On 29 August 2013 17:51, Tamara Temple <tamouse.li...@gmail.com> wrote:
>
> On Aug 27, 2013, at 12:25 PM, Nick Khamis <sym...@gmail.com> wrote:
>
>> Hello Tamouse,
>>
>>
>> >> It sounds now like you are setting that via an AJAX call.
>>
>> This is correct. We are using JQuery to manage the payload.
>>
>> >> Where you need to look is in the controller that is responding to that 
>> >> AJAX call in your Rails application,
>> >> and look how it is determining the value it will send for the picture 
>> >> source url. That is likely where you
>> >> need to use asset_url (without any ERB stuff) to set that part of the 
>> >> JSON payload that gets returned
>> >> to the client.
>>
>> I know this makes total sense, the problem is I am too new to Rails (not the 
>> case for C, C++ or Lisp) to
>> understand :). The value for wine.picture url is coming straight from the 
>> database:
>>
>> +----+----------------------------------------------+------+----------------+---------------------------------------+
>> | id | name                                       | year | country     | 
>> picture                              |
>> +----+----------------------------------------------+------+----------------+---------------------------------------+
>> |  1 | CHATEAU DE SAINT COSME    | 2009 | France    | saint_cosme.jpg        
>>         |
>>
>> If I understand you correctly, I would need to modify the picture field in 
>> the database to
>> read asset_url('saint_cosme.jpg') without any of the ERB stuff "<%=    %>"?
>
> Do not modify the value in your database.
>
>> Or if by controller you mean rails controller in the traditional sense, I 
>> have a very simple
>> `pages_controller.rb` that contains the following:
>
> I mean the controller that is being called by your AJAX request. It is 
> entirely possible this in not your Rails app, but I would think it would be. 

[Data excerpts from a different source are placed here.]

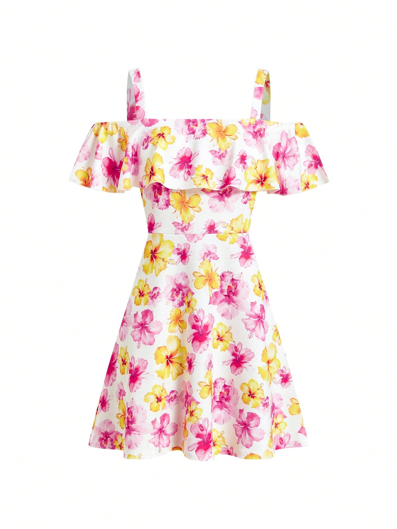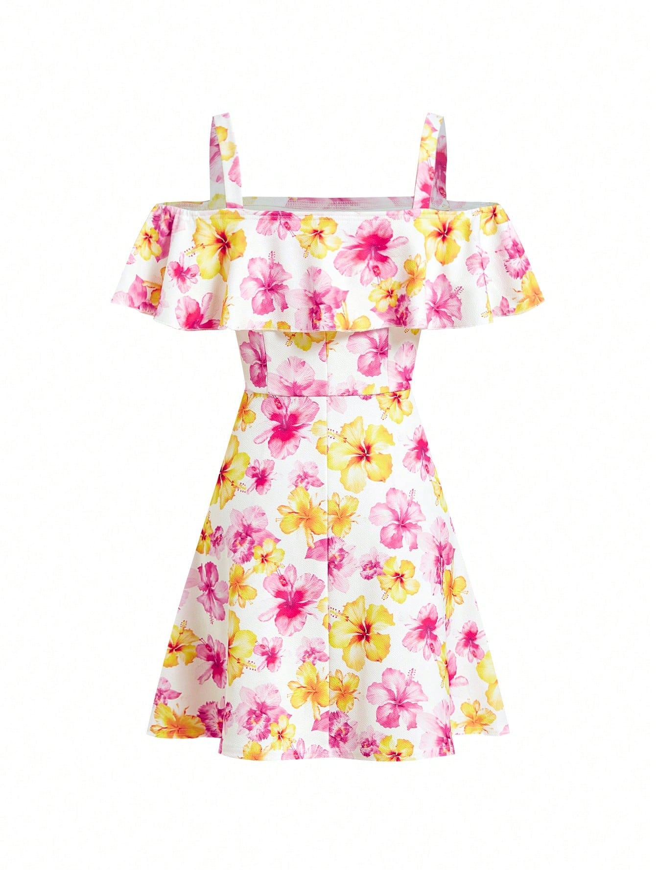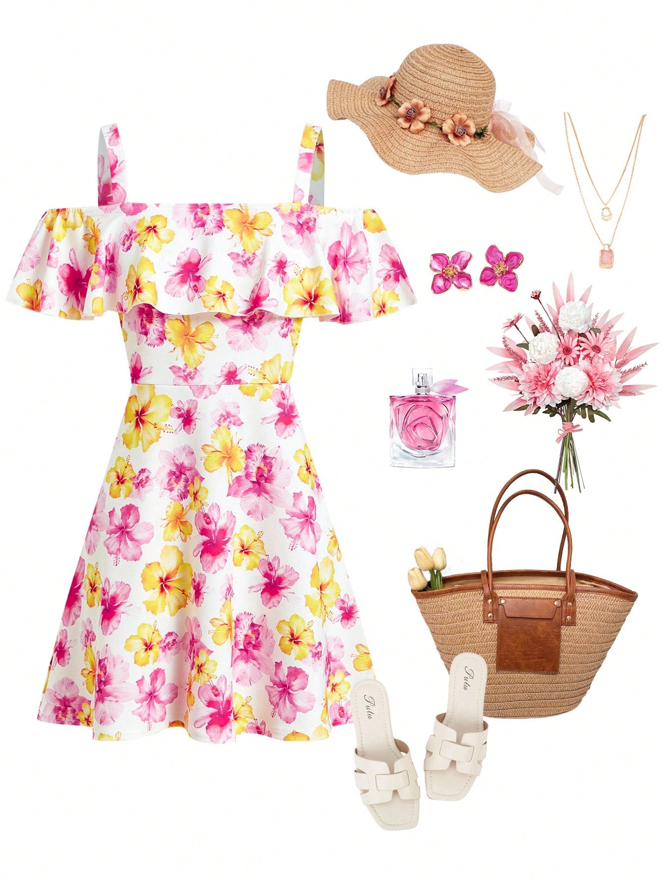 Ellevyn Women's Floral Print Off Shoulder Ruffle Hem A-Line Dress, Summer Outfit Women Boho
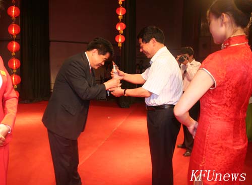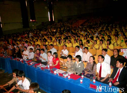 本站讯 在举国上下喜迎中国共产党建党九十周年之际,5月26日,365官网组织全校师生在金松大礼堂举行迎接建党九十周年“党在我心中”歌咏比赛。校领导班子也在表演唱队列里和师生共同庆祝这一光辉的纪念日。市委宣传部副部长张小平、市总工会文教卫委员会主任李汴军及中国移动公司开封分公司的领导史洪波、尹战胜出席并观看了演出。校党委副书记储建新代表学校党委行政致词。师生们用嘹亮的歌声唱出了心中对党、对祖国的崇敬及对美好生活的向往,也唱出了乐观向上的精神面貌。
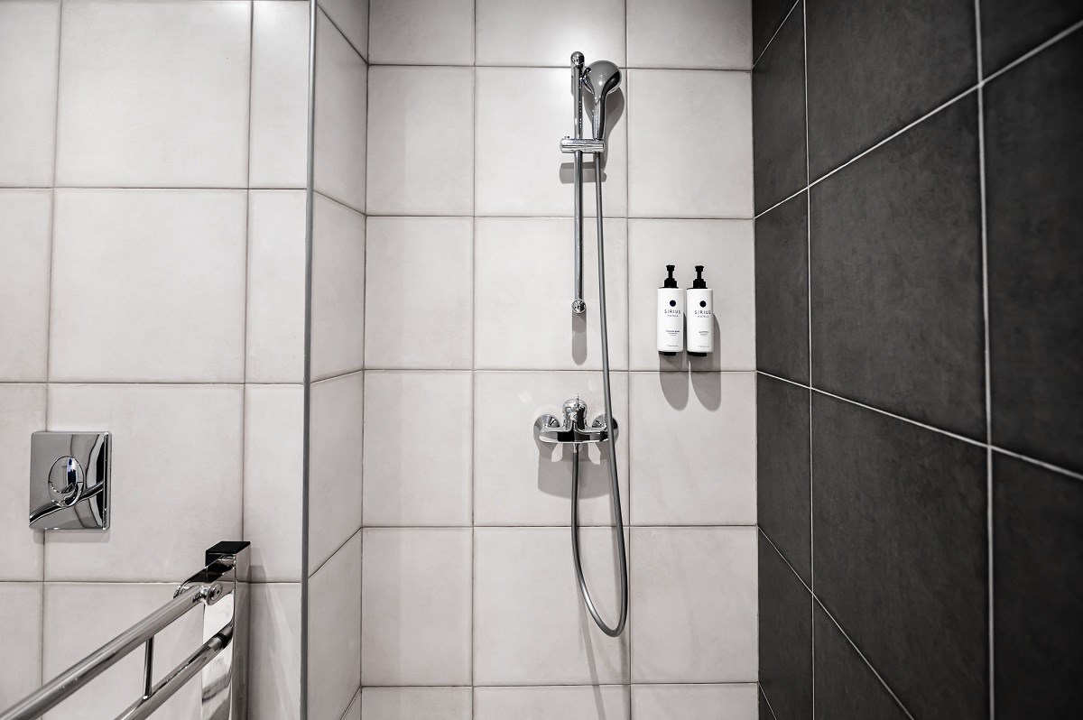 с душем: ; тапочки: ; туалетные принадлежности: ; фен: ;

> You have to look at your javascript and find the AJAX call, then look at the 
> url in that call to find the route it's seeking, and match that route to the 
> controller. You can find out which routes map to controllers by running `rake 
> routes`.

Also you can look in log/development.log to see what, if any, action
is being called in the rails app when you perform the action.